Microsoft released its annual 2026 Work Trend Index report, which analyses how corporate users work with AI.
The report showed 19 percent of companies were in a frontier stage where both individuals and organisations were ready. Half, or 50 percent, were in transition. By contrast, 16 percent were in a stagnation stage where neither individuals nor organisations were ready.
The report also identified 2 traits among frontier-stage expert users. One was that they deliberately define the division of roles between AI and humans before starting work. The other was that even if they make extensive use of AI, they secure some time to work without AI.
Among frontier experts, 53 percent said they set the division of roles between AI and humans in advance. The share saying they deliberately work without AI for a set period reached 43 percent. Among general respondents, 30 percent said they make time to work without AI, while 33 percent said they distinguish between AI and human roles.
South Korea showed a similar pattern. Among frontier experts and general respondents, those saying they perform some tasks without AI were 31 percent and 22 percent, respectively. Those saying they distinguish between AI and human roles were tallied at 48 percent and 34 percent.
Based on this, the report stressed that deliberate effort is needed in the process of finding a balance between what to delegate to AI and what humans should do.
The report said as AI moves beyond simple assistance and participates directly in work flows, the way people work is being reshaped into a form that combines humans, agents and systems. As a result, it said the challenges leaders must solve are shifting from simple technology adoption to redesigning work processes.
It said employees should use AI to move into higher value-added work, leaders should focus on work redesign rather than adoption, and organisations should shift into a learning system that reflects on-the-job learning in operations.
The report also pointed out that the spread of AI and agents may not lead to performance.
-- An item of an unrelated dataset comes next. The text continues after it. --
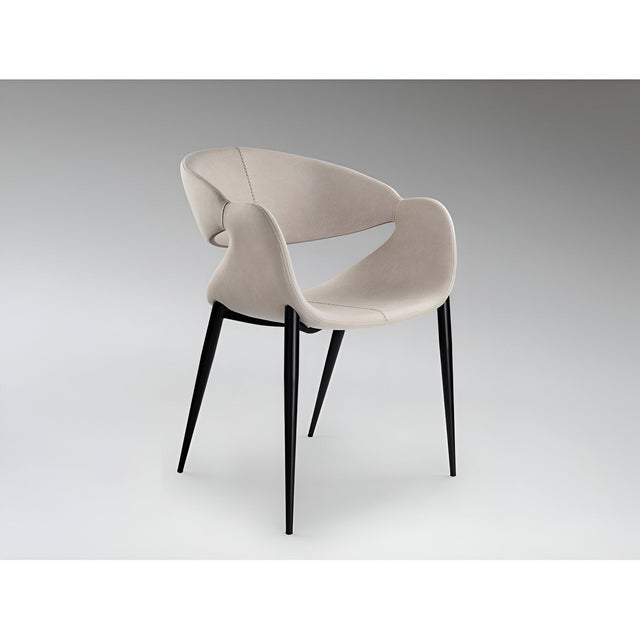 The Giro Dining Chair in white is a bold blend of sculptural form and everyday function. With sleek black metal legs in a matte finish, this chair grounds its soft, organic curves in minimalist structure. The seat and back are crafted from durable plywood layered with supportive foam, creating a contoured profile that offers both visual interest and ergonomic comfort. Upholstered in a refined light stone polyester textile, it showcases subtle decorative stitching that enhances its tailored look.

It said organisational competitiveness depends not on the speed of adoption, but on the ability to turn on-the-job learning into shareable routines and embed AI in actual operations through absorption.
The report said that as AI-use maturity rises, AI use tends to concentrate on cognitive tasks. Based on an analysis of more than 100,000 cases of Microsoft 365 Copilot usage data and patterns, 49 percent of all conversations supported tasks such as information analysis, problem solving, evaluating alternatives and creative thinking. Collaboration and communication accounted for 19 percent, followed by information search at 15 percent and document and deliverable writing at 17 percent.
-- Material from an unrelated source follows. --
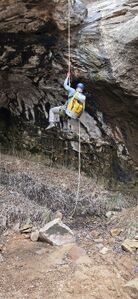 Watch the landing zones as it may contain Poison Ivy. By late Spring and throughout Summer the P.I. can be thick and completely choke off the canyon in places. There are several beginner-friendly down climbs.

As AI use increased, human judgement became more important. Among global respondents, 50 percent said quality control of AI output was important, and 46 percent cited critical thinking as a core capability. It also said 86 percent viewed AI output as a starting point rather than a final answer, and thought responsibility for results rests with humans.
The report also confirmed that organisational environment has twice the impact of individuals. It said individual employee mindset and behaviour matter, but organisational culture, manager attitudes and talent policies have a larger influence on AI performance. In terms of organisational culture, it cited a 분위기 that recognises AI as a strategic advantage and encourages experiments as key.
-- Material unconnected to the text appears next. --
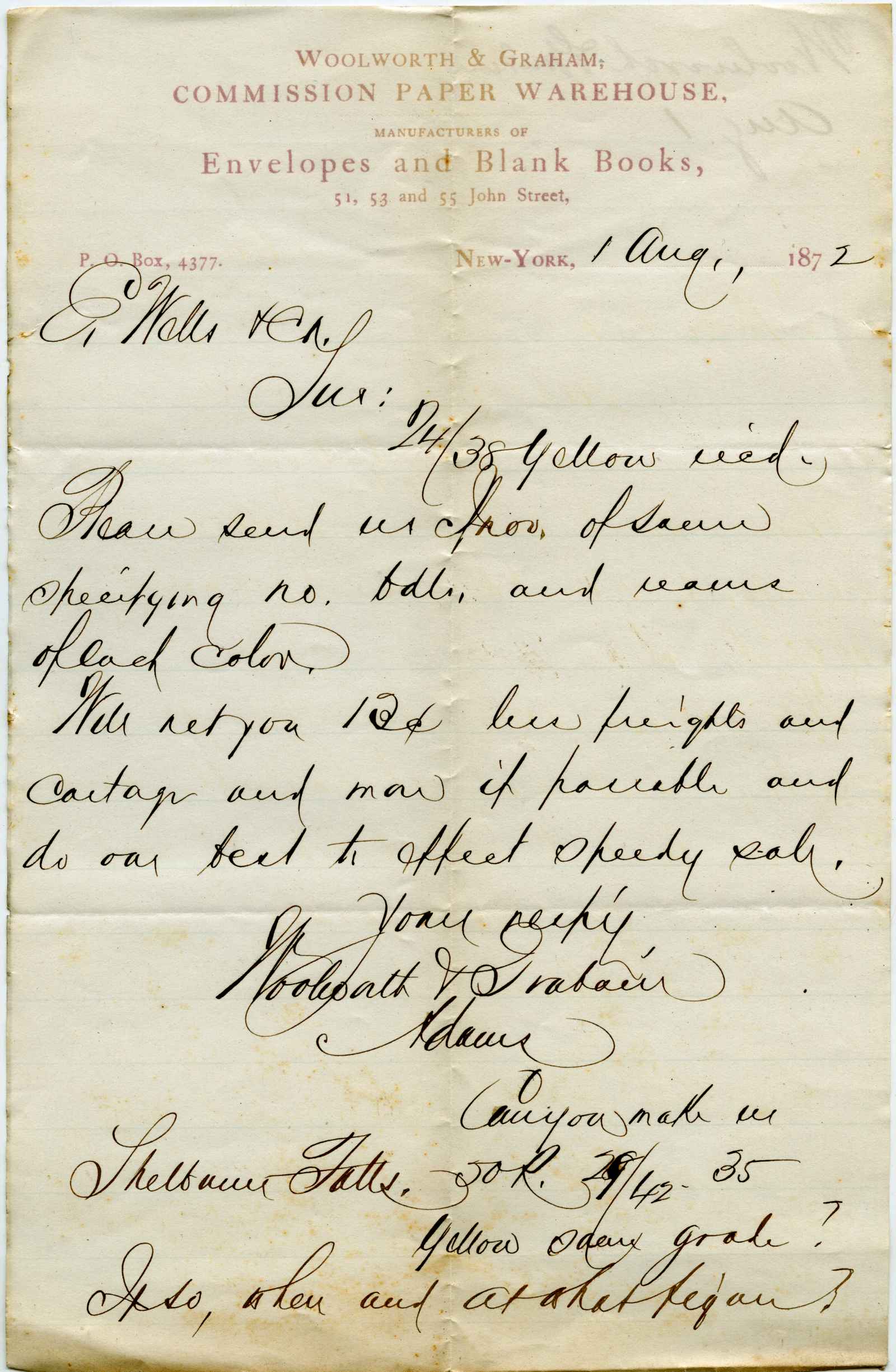 letter; Woolworth & Graham - Manufacturers of Envelopes and Blank Books - N.Y.

Sung-mi Oh (오성미), AI Workforce GTM director at Korea Microsoft, said, "The leader group must use AI directly, discuss output quality standards with the team, and provide psychological safety that allows failure. But only 26 percent of employees said that in reality the leader group’s will and execution are being clearly conveyed down to the team level."
Oh also said, "When building an AI agent, it is almost never the case that the first output is immediately deployed into the actual operating environment. What we see most often is that it takes about 3 rounds of revision and deployment before it goes into the real operating environment," adding, "That is why an organisational culture that accepts failure as part of the process is needed."
The report also stressed that for AI use to translate into real performance, leaders must fundamentally redesign operating models and processes, going beyond simple technology adoption. It said this means overhauling work flows, evaluation methods and compensation systems that remain stuck in existing ways to fit new ways of working.
In the execution stage, middle managers emerged as playing a key role. It said results from a separate survey of 1,800 people globally showed that key indicators rose across the board when managers demonstrated AI use directly.
Won-woo Cho (조원우), head of Korea Microsoft, said, "This report shows that changes around AI are happening simultaneously across 3 axes: employees, leaders and organisations, and that the more AI takes on execution, the more important human judgement and leadership become." He added, "Domestic companies are also moving beyond AI adoption to innovate work methods and collaboration structures, and are stepping up preparations in earnest to connect this to actual work and performance."